*** The data Section Begins ***

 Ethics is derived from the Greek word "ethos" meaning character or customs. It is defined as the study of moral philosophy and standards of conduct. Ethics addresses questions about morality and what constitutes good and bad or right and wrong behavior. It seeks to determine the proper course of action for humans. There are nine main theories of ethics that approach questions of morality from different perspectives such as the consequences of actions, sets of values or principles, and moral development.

*** The data Section Ends ***
*** The data Section Begins ***

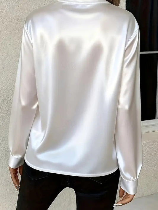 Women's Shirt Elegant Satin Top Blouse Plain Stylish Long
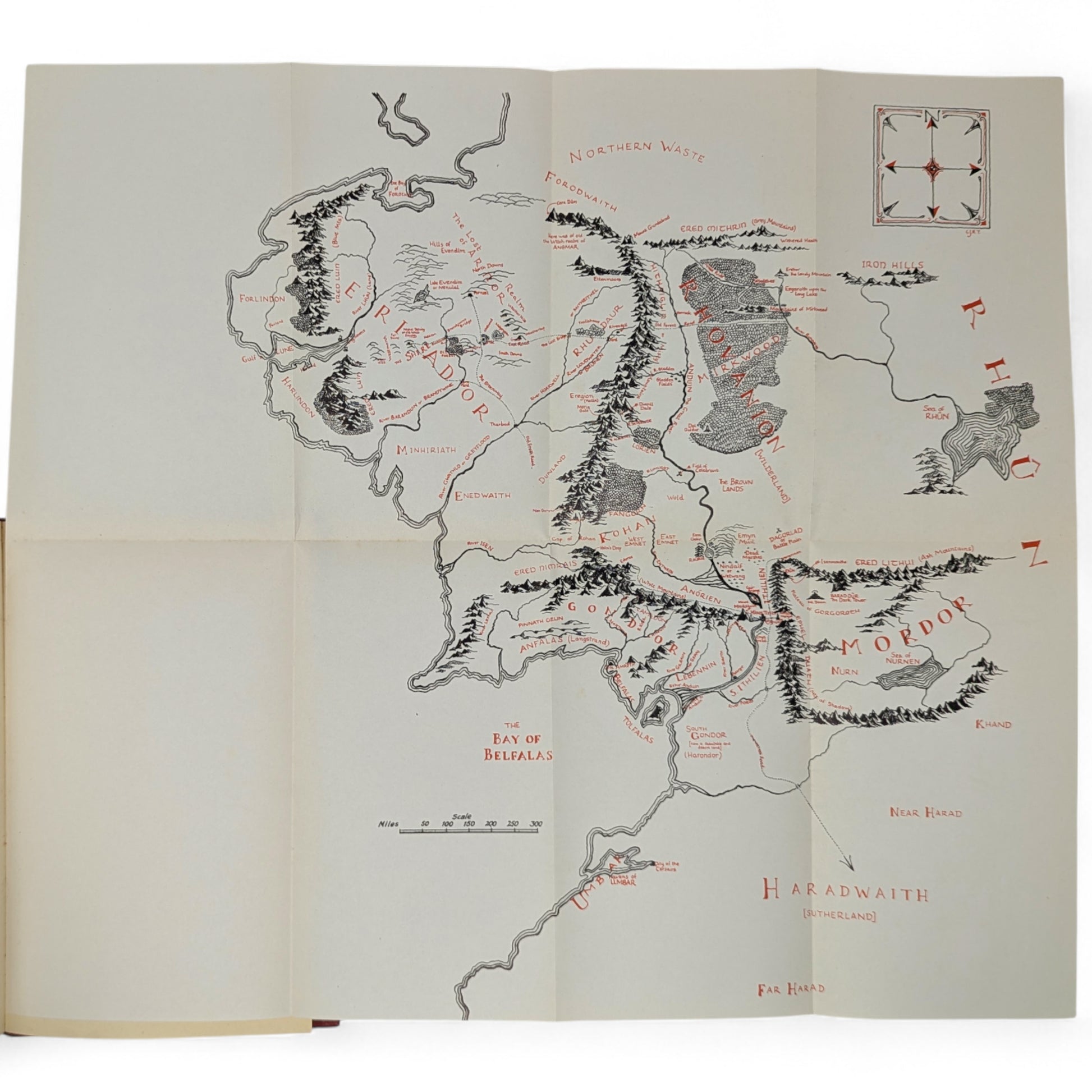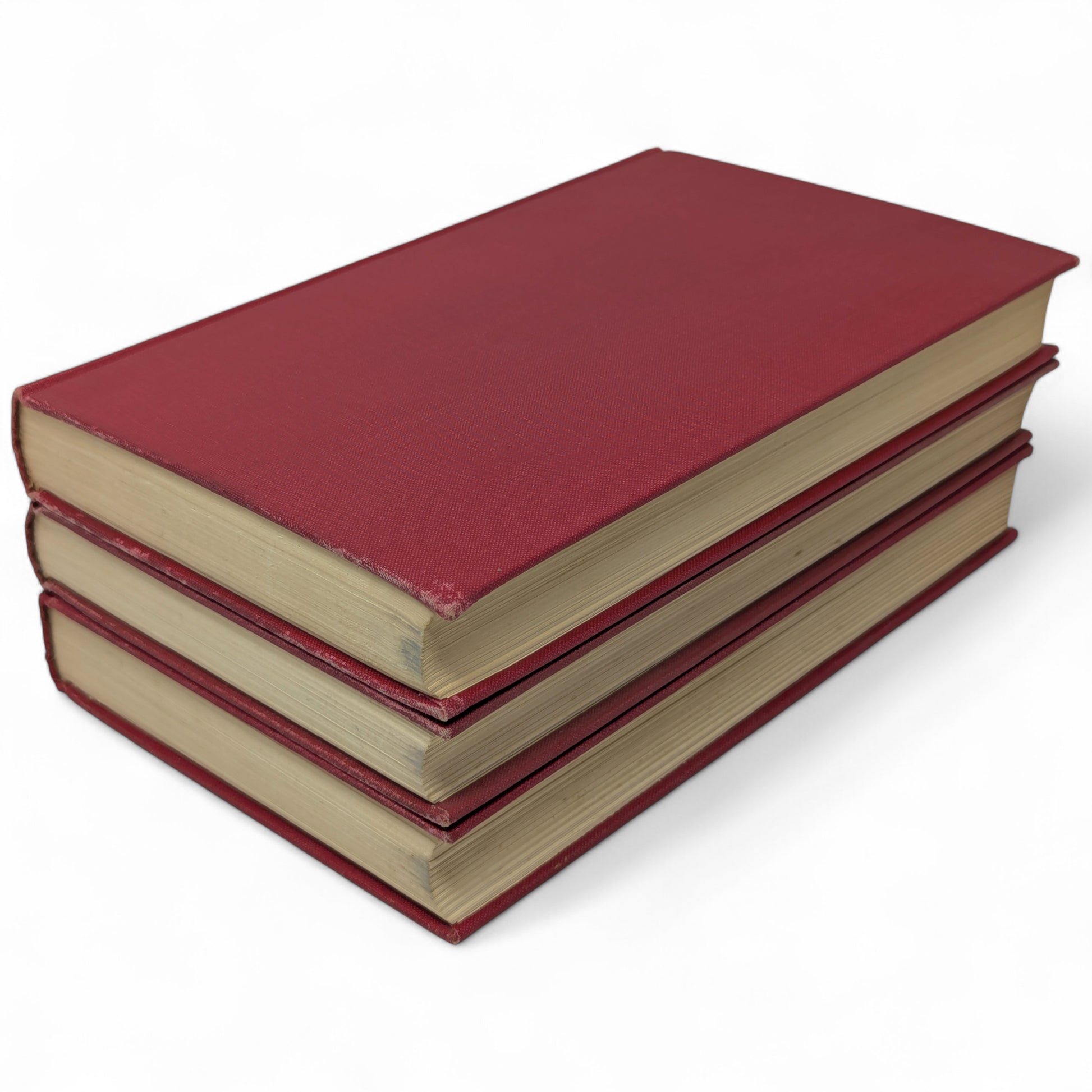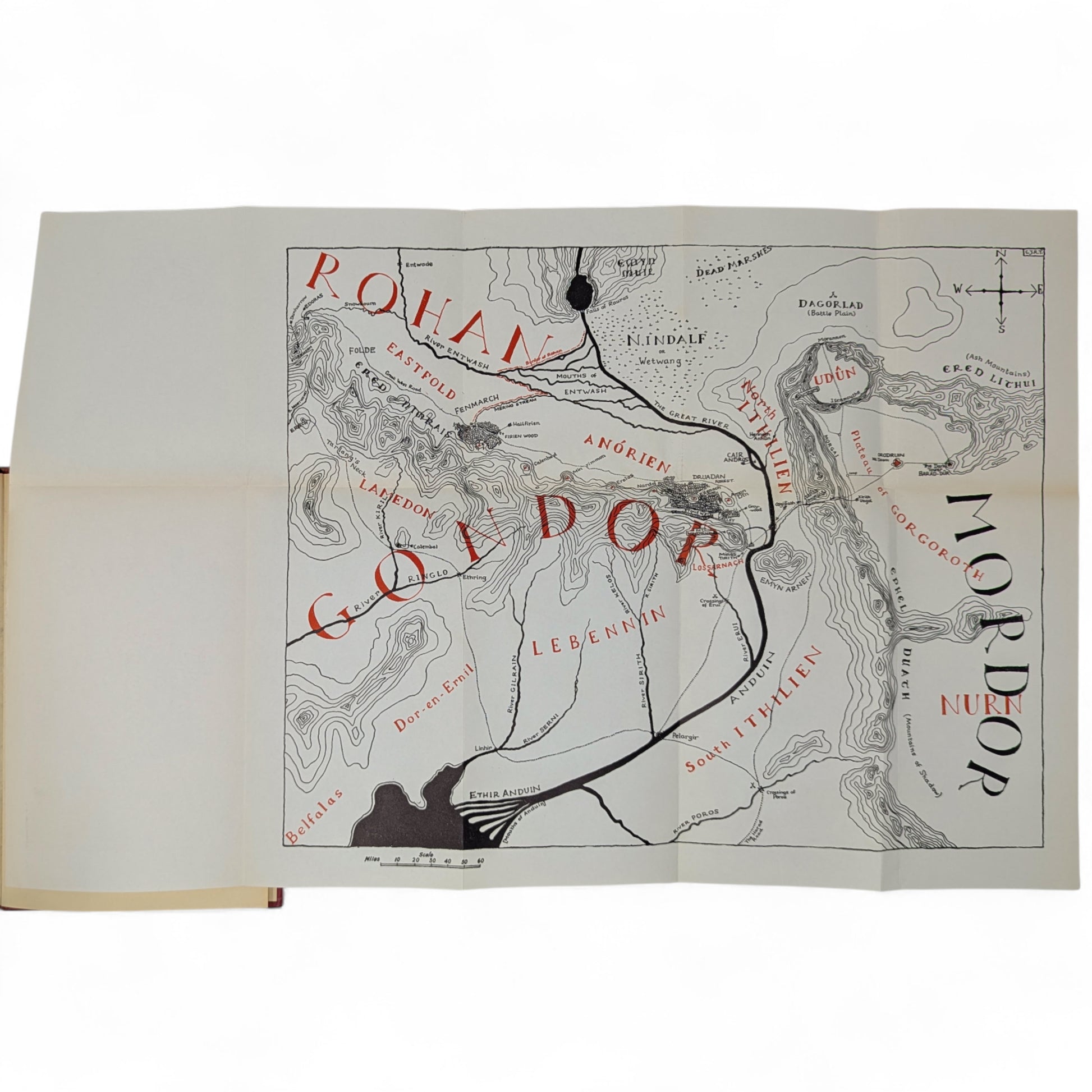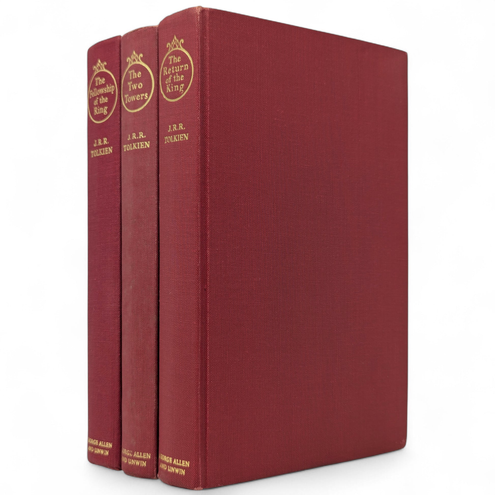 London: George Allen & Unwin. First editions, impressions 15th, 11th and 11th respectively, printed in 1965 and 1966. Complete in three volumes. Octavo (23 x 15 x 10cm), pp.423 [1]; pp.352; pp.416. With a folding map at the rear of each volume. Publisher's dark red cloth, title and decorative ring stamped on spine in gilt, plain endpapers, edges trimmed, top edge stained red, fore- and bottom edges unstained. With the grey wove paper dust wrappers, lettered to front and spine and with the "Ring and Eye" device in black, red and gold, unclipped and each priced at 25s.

*** The data Section Ends ***
*** The data Section Begins ***

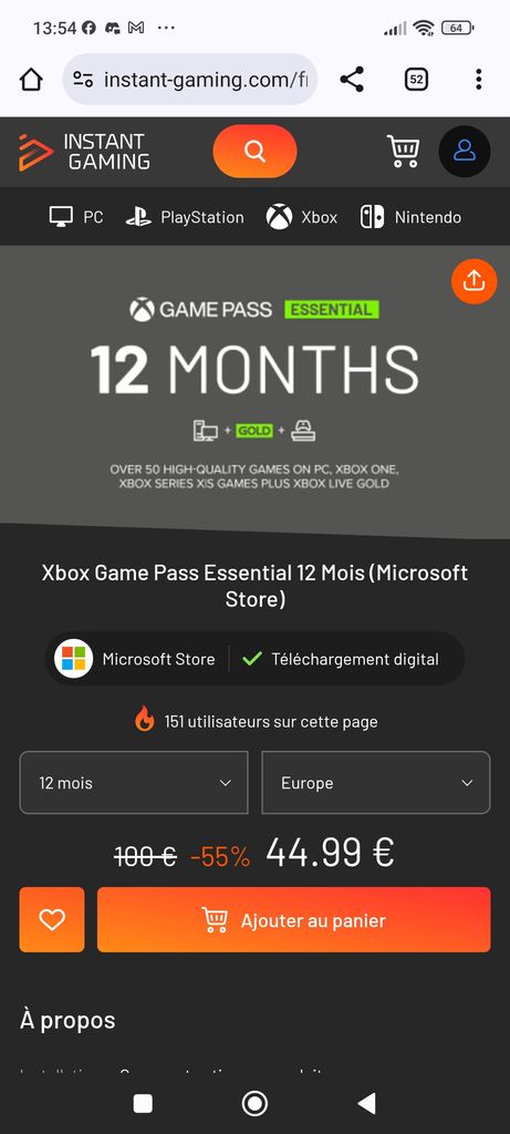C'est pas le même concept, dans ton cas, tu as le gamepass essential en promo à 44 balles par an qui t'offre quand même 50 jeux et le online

*** The data Section Ends ***

Task requirements: Here the job is to copy the listing above word for word, starting at the line with "Women's Shirt Elegant" and ending at the line with "London: George Allen", and to leave out the pictures.

Problem solution:
 Women's Shirt Elegant Satin Top Blouse Plain Stylish Long
 London: George Allen & Unwin. First editions, impressions 15th, 11th and 11th respectively, printed in 1965 and 1966. Complete in three volumes. Octavo (23 x 15 x 10cm), pp.423 [1]; pp.352; pp.416. With a folding map at the rear of each volume. Publisher's dark red cloth, title and decorative ring stamped on spine in gilt, plain endpapers, edges trimmed, top edge stained red, fore- and bottom edges unstained. With the grey wove paper dust wrappers, lettered to front and spine and with the "Ring and Eye" device in black, red and gold, unclipped and each priced at 25s.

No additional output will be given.